**EXERCISE INSTRUCTIONS:** Would you please give every entry again exactly, without the pictures?

────────────────

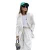 Costume 2 pièces à rayures blanches pour femmes, Blazer ample à Double boutonnage, pantalon à jambes larges, ensemble sur mesure à la mode pour dames, manteau de grande taille
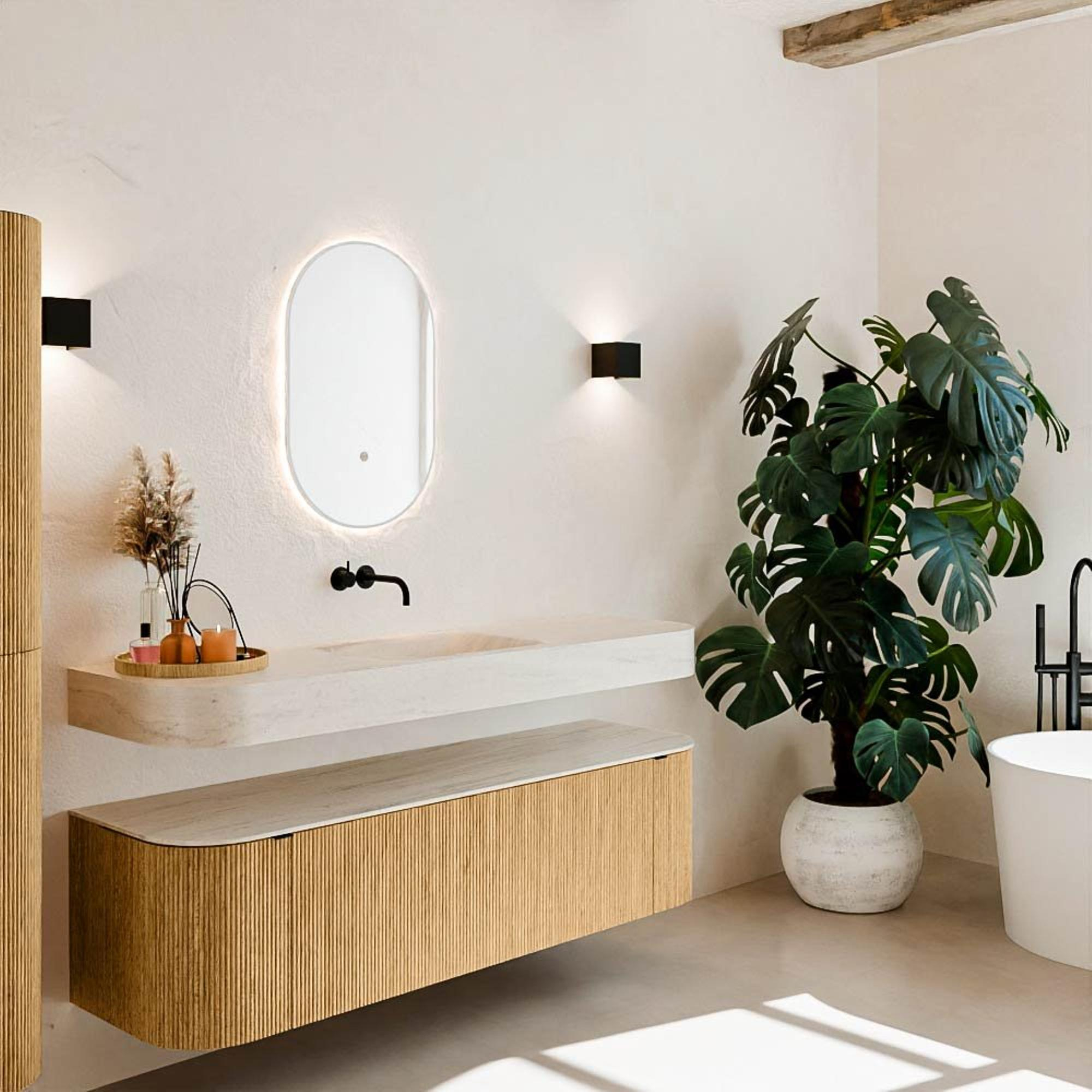 Matériaux naturels aux teintes chaudes. Les nervures verticales apportent rythme et texture au design, tandis que le chêne confère une apparence chaleureuse et artisanale. Choisissez parmi 5 teintes de bois OAK, WALNUT, DUSK, SHADOW et RUBY, des couleurs de bois soigneusement sélectionnées pour enrichir les salles de bains modernes et classiques.
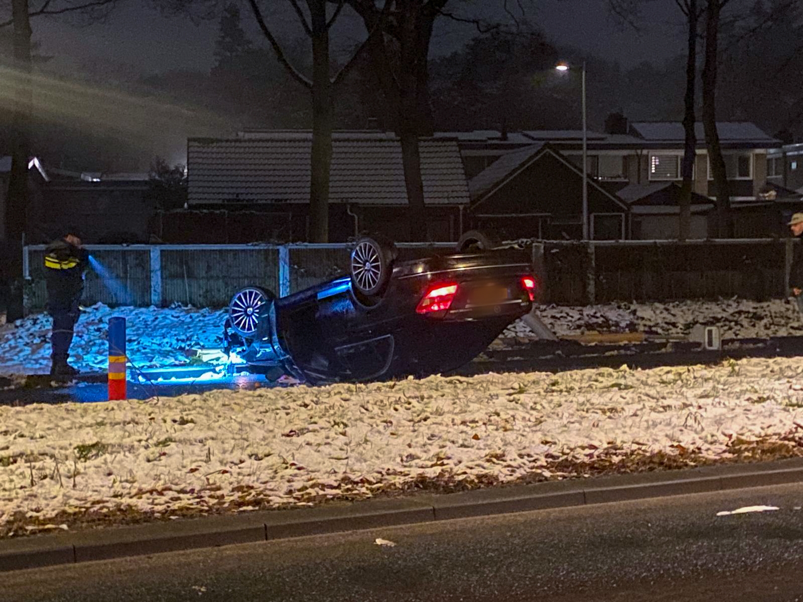 EDE – In de nacht van vrijdag op zaterdag is rond 00.30 uur een auto over de kop geslagen op de Generaal van Hacketlaan in Ede, ter hoogte van de Sijsselt. Buurtbewoners hoorden een harde klap en troffen een auto op zijn dak aan. Zij waarschuwden direct de hulpdiensten.
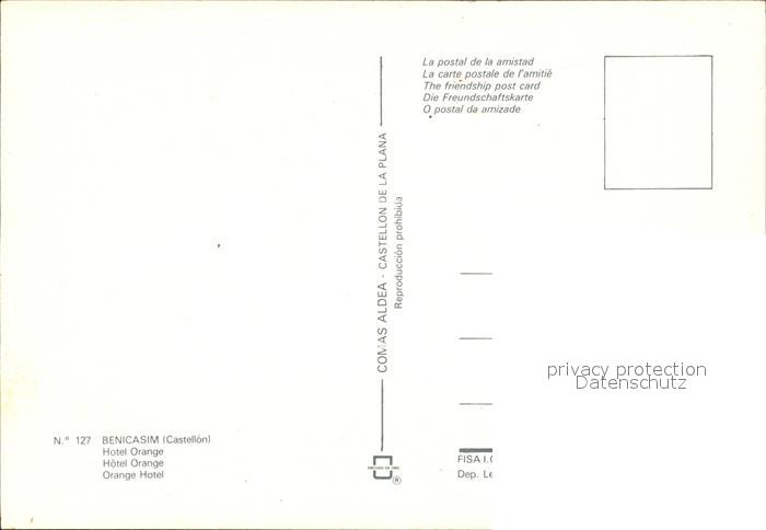 Benicasim Hotel Orange postalisch nicht gelaufen Erhaltung siehe scans
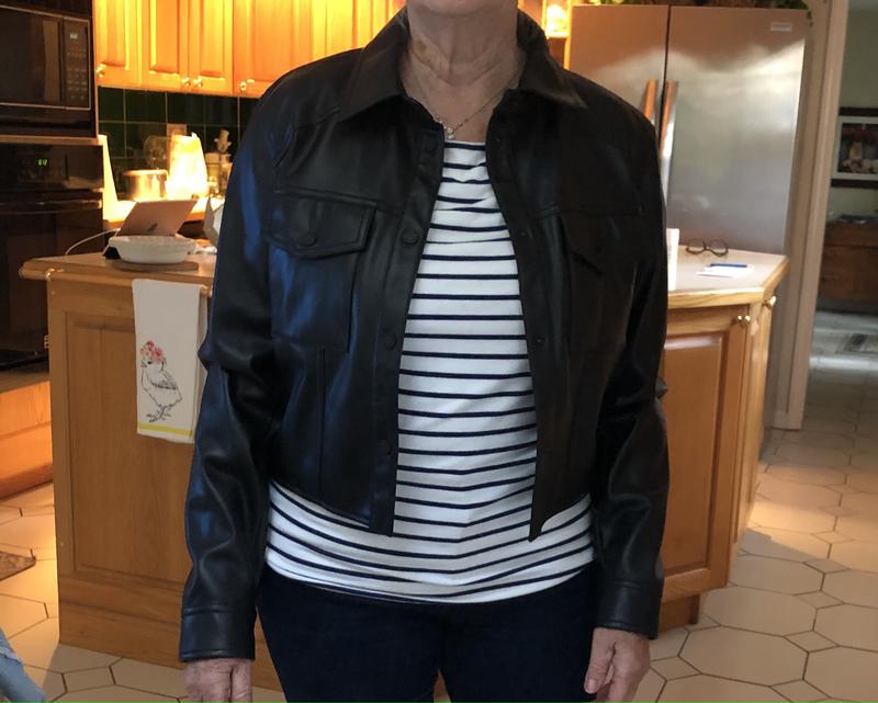 This jacket is super comfortable and light weight. Goes well with any outfit. I love to wear it with sweater dresses, the cropped length makes it appear less boxy. The faux leather feels real, it also keeps you warmer than expected.
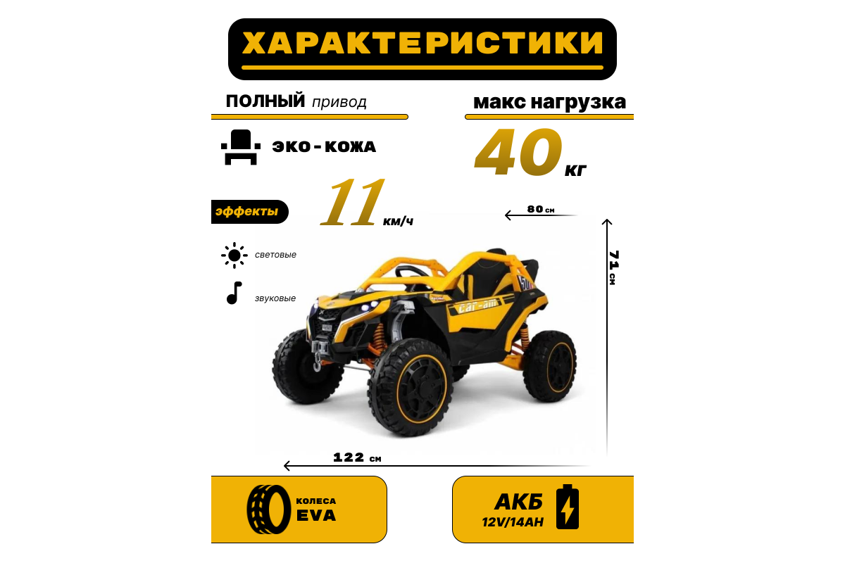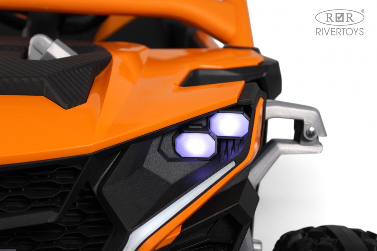 Багги имеет обширный функционал, который сделает незабываемыми, впечатления юного гонщика. Машинка умеет разгонятся до 11 км/ч., за счёт двигателей, встроенных прямо в колеса. Скорость регулируется как с пульта д.у., так и с торпеды авто, специальным переключателем. Имеется педаль газа и педаль тормоза. Остановить машинку можно с пульта, или же отпустив педаль газа, при этом педаль тормоза можно не использовать, она больше нужна для развития навыков управления у малыша.
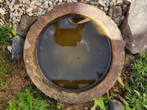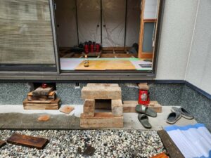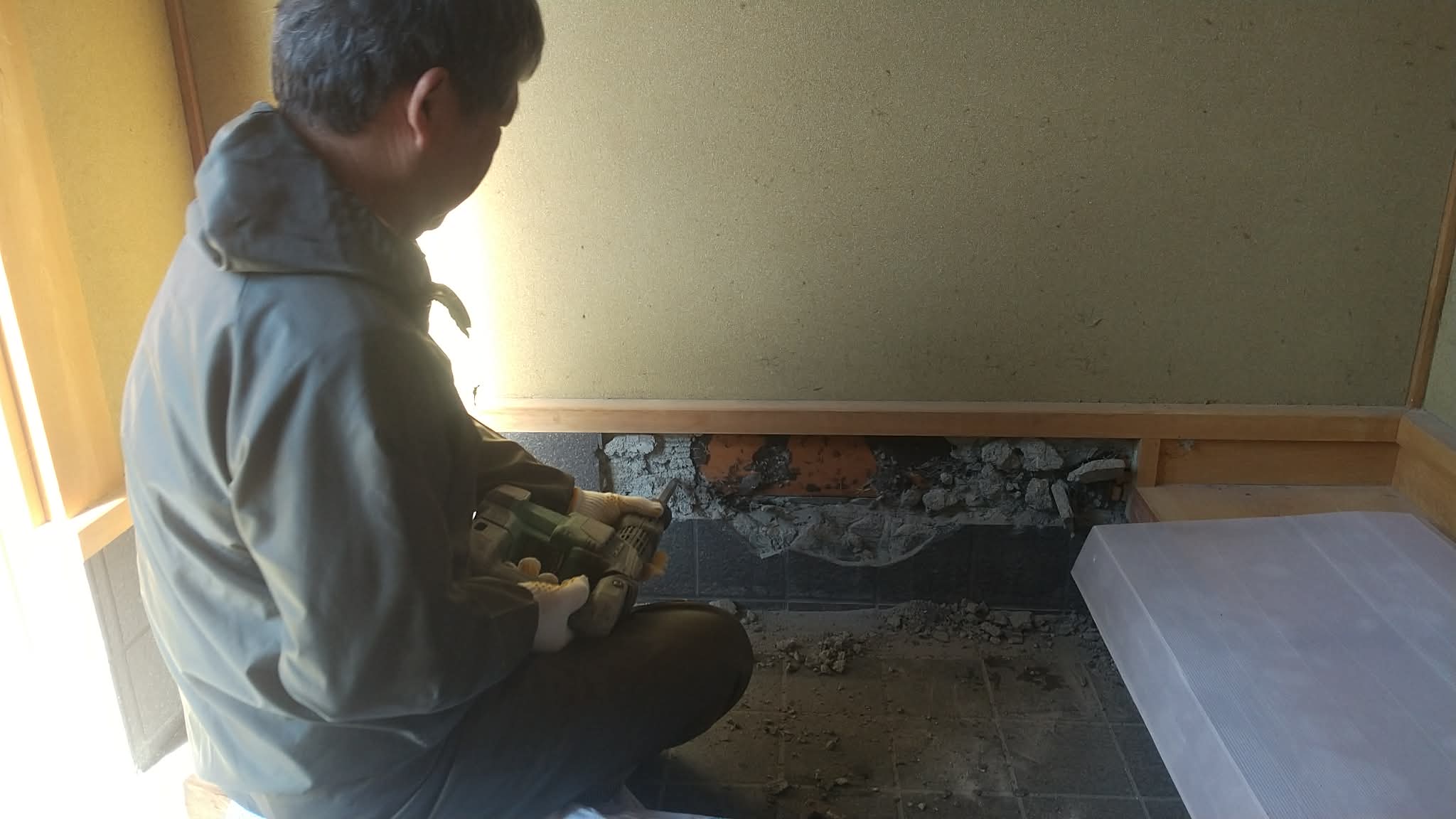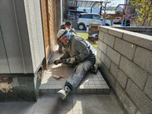 庭側のメダカさんたちに粉塵でご迷惑かけないよう配慮しつつの施工です。
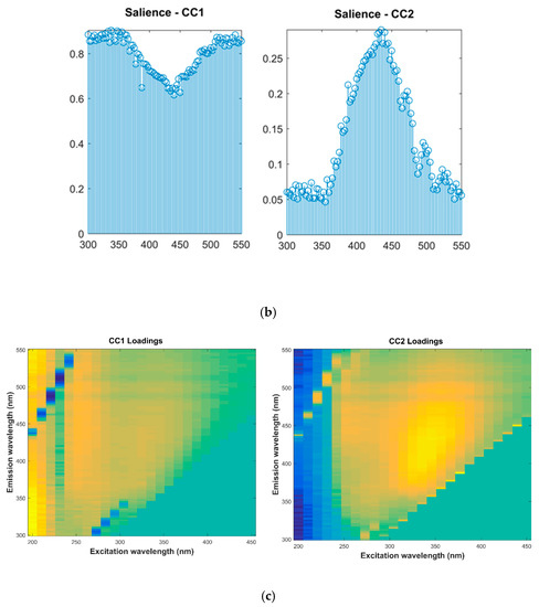 ComDim is a particular implementation of the “Common Components and Specific Weights Analysis” (CCSWA) procedure [27,28,29]. ComDim determines a common space describing the dispersion among data sets or blocks through sample scores; each block having a specific weight or “salience” associated with each dimension in this common space, the Common Components (CCs). Significant differences in the values of saliences for a given dimension reflect the fact that the dimension contains different amounts of information from each block. In addition, and for each CC, the ComDim procedure calculates the loadings of the variables in each block, enabling further interpretation of the highlighted discriminations [28]. Here, ComDim was applied on the 3D array (173 samples × 25 excitation wavelengths × 101 emission wavelengths), which was treated as 101 blocks or matrices corresponding to the emission wavelengths. The 173 samples corresponded to the 14 sampling locations along Kadisha-Abou Ali and El Jaouz rivers, sampled between July and February, thus covering 14 sampling campaigns.

────────────────

**RESPONSE BOX:**
 Costume 2 pièces à rayures blanches pour femmes, Blazer ample à Double boutonnage, pantalon à jambes larges, ensemble sur mesure à la mode pour dames, manteau de grande taille
 Matériaux naturels aux teintes chaudes. Les nervures verticales apportent rythme et texture au design, tandis que le chêne confère une apparence chaleureuse et artisanale. Choisissez parmi 5 teintes de bois OAK, WALNUT, DUSK, SHADOW et RUBY, des couleurs de bois soigneusement sélectionnées pour enrichir les salles de bains modernes et classiques.
 EDE – In de nacht van vrijdag op zaterdag is rond 00.30 uur een auto over de kop geslagen op de Generaal van Hacketlaan in Ede, ter hoogte van de Sijsselt. Buurtbewoners hoorden een harde klap en troffen een auto op zijn dak aan. Zij waarschuwden direct de hulpdiensten.
 Benicasim Hotel Orange postalisch nicht gelaufen Erhaltung siehe scans
 This jacket is super comfortable and light weight. Goes well with any outfit. I love to wear it with sweater dresses, the cropped length makes it appear less boxy. The faux leather feels real, it also keeps you warmer than expected.
 Багги имеет обширный функционал, который сделает незабываемыми, впечатления юного гонщика. Машинка умеет разгонятся до 11 км/ч., за счёт двигателей, встроенных прямо в колеса. Скорость регулируется как с пульта д.у., так и с торпеды авто, специальным переключателем. Имеется педаль газа и педаль тормоза. Остановить машинку можно с пульта, или же отпустив педаль газа, при этом педаль тормоза можно не использовать, она больше нужна для развития навыков управления у малыша.
 庭側のメダカさんたちに粉塵でご迷惑かけないよう配慮しつつの施工です。
 ComDim is a particular implementation of the “Common Components and Specific Weights Analysis” (CCSWA) procedure [27,28,29]. ComDim determines a common space describing the dispersion among data sets or blocks through sample scores; each block having a specific weight or “salience” associated with each dimension in this common space, the Common Components (CCs). Significant differences in the values of saliences for a given dimension reflect the fact that the dimension contains different amounts of information from each block. In addition, and for each CC, the ComDim procedure calculates the loadings of the variables in each block, enabling further interpretation of the highlighted discriminations [28]. Here, ComDim was applied on the 3D array (173 samples × 25 excitation wavelengths × 101 emission wavelengths), which was treated as 101 blocks or matrices corresponding to the emission wavelengths. The 173 samples corresponded to the 14 sampling locations along Kadisha-Abou Ali and El Jaouz rivers, sampled between July and February, thus covering 14 sampling campaigns.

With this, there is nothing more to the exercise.